Friday, March 21, 2014

20140321.0642

I find myself in Indianapolis today to attend CCCC 2014. I present this afternoon, in fact, something about which I am just a bit nervous. I should be okay, though; I have done this kind of thing before, and in front of large audiences, and I will again (in a couple months, actually, and a couple months after that). But I have not presented on a composition-related topic in some time, not since 2006, so I am a bit concerned that I am out of practice.

Cs is a hell of a place to come back in.

Those who know me professionally outside of my coworkers know me as a medievalist and fantasist; they know that I study the languages and literatures of England from the Anglo-Saxon invasion through the ascent of the Tudors to the English throne as well as that body of literature of which Tolkien is the touchstone and which so self-consciously borrows from and misappropriates the older works.
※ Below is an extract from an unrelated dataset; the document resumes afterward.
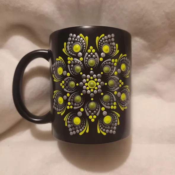 Cana termosensibila 350ml pictat  de mana cu vopsea de porcelan, verde.
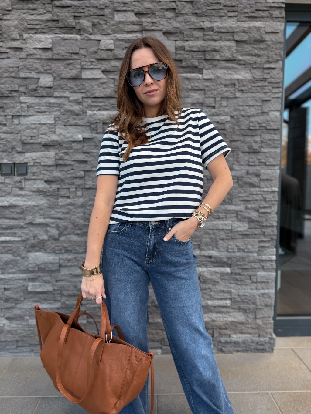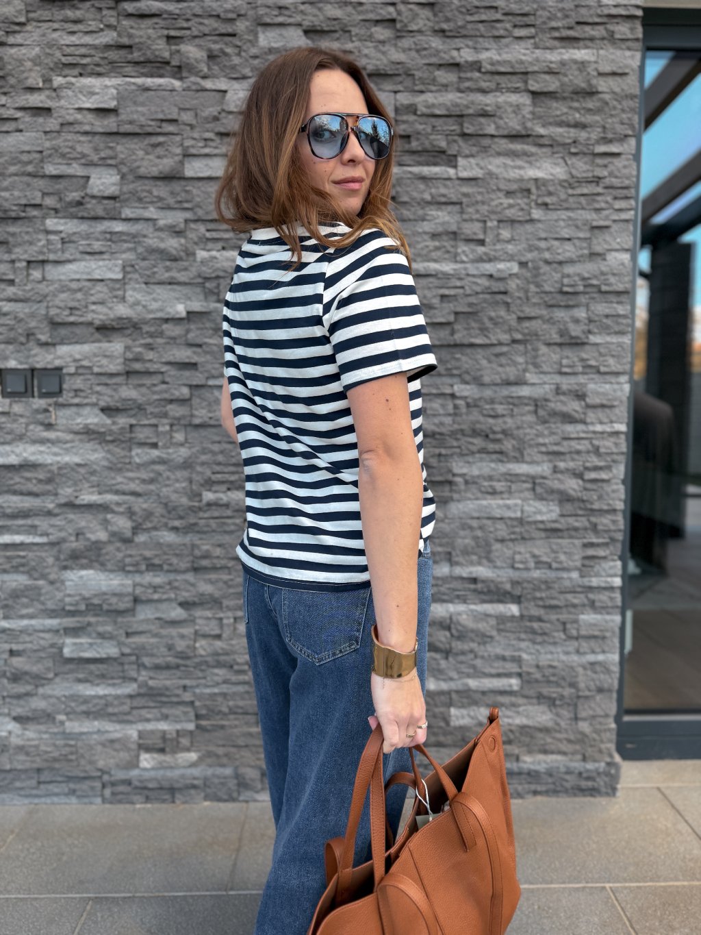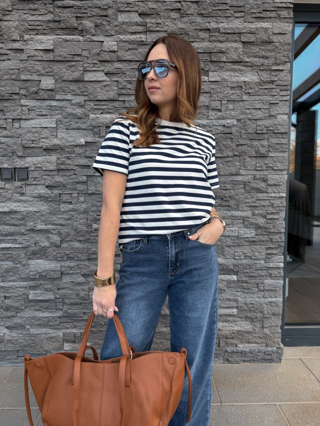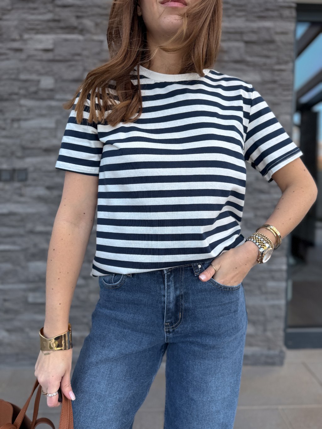 Klasické, bavlněné pruhované tričko. Jednoduchý střih ke krku, vysocegramážní materiál.

It might be wondered at, then, that I, who am not a rhetorician or a compositionist, would attend what is perhaps the most important conference those groups have in the United States. I present on literature at the South Central Modern Language Association conference, and I present on the medieval at the International Congress on Medieval Studies. This year, I am presenting on a quirk in a group of texts at the Evil Incarnate conference in Cleveland (which still sounds like a hell of a time*). Why, then, do I feel the need to go out among the compositionists and rhetoricians?
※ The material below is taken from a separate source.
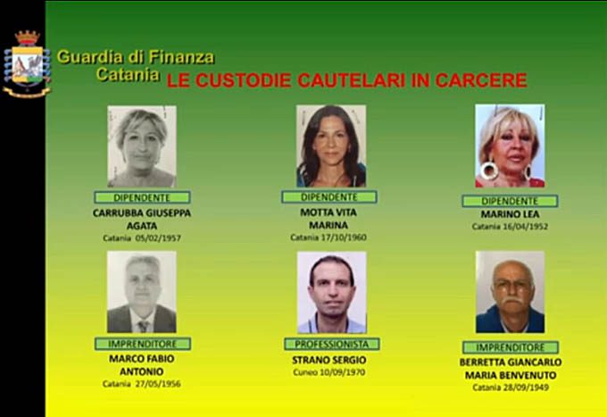 – Vito Enrico Barbuto (55), Roberta Marco (27), Valentina Piera Mazzarino (30), Davide Palmisciano (25), Francesca Sanfilippo (35) quali imprenditori concorrenti nei reati di riciclaggio e partecipi di un’associazione a delinquere finalizzata al riciclaggio;

The answer is that most of the work I do to support my ability to do The Work is in the composition classroom. Most of the teaching I do is of writing classes--and even my literature classes end up offering explicit writing instruction. It is not to be wondered at that I would immerse myself in the newest research and best practices in the field in which I work; I am a professor, and I am a professional, so I want to know as much about the work I am asked to do as can be known, that I may do the best job of that work as can be done.
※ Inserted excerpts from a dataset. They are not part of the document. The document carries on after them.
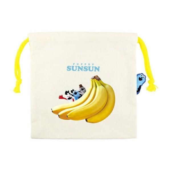 まずは巾着からご紹介。パペットスンスン ぴょこっと巾着 バナナです。サイズ:19.5cm×20cm×0.3cmでちょっとした小物を入れておくのにぴったり。真ん中の美味しそうなバナナに惹かれます!
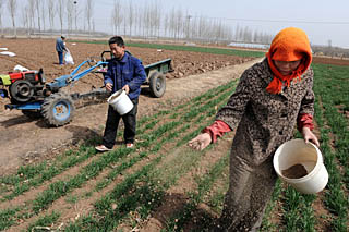 | 山東萊西市孫受鎮(zhèn)郭家莊村民何貴芳(右)正在為長勢偏弱的麥田增施速效肥,以利于增加分蘗和壯苗。新華社記者 李紫恒
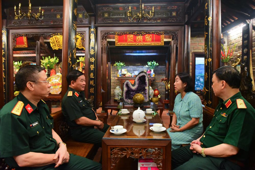 Đại diện gia đình tiếp đoàn là bà Đặng Thị Minh Ngọc, phu nhân Thượng tướng Nguyễn Chí Vịnh. Thượng tướng Hoàng Xuân Chiến ân cần thăm hỏi, thông tin khái quát về công tác quân sự, quốc phòng và những hoạt động kỷ niệm 80 năm Quốc khánh đang được tổ chức rộng khắp trong toàn quân, toàn quốc.

What is really to be wondered at is that more people do not do as I do. I am hardly the only person whose area of study is literary who ends up teaching more writing than reading; the nature of the job market in the academic humanities is such that the composition course offers the only chance at something resembling steady employment for most in the field. (Not that it is terribly stable; composition classes show enrollment fluctuation, and so those who teach them are those most likely to be kept contingent so that they can be the more easily dismissed or released when numbers are down.) Most who teach literature also teach writing. Certainly they require that writing be good. They ought therefore to be invested in the development of proficient writers--and that means continuing to train such that they can assist in that development.

I do not know how many of them I am going to see today.

*I am a dad. I get to make dad jokes.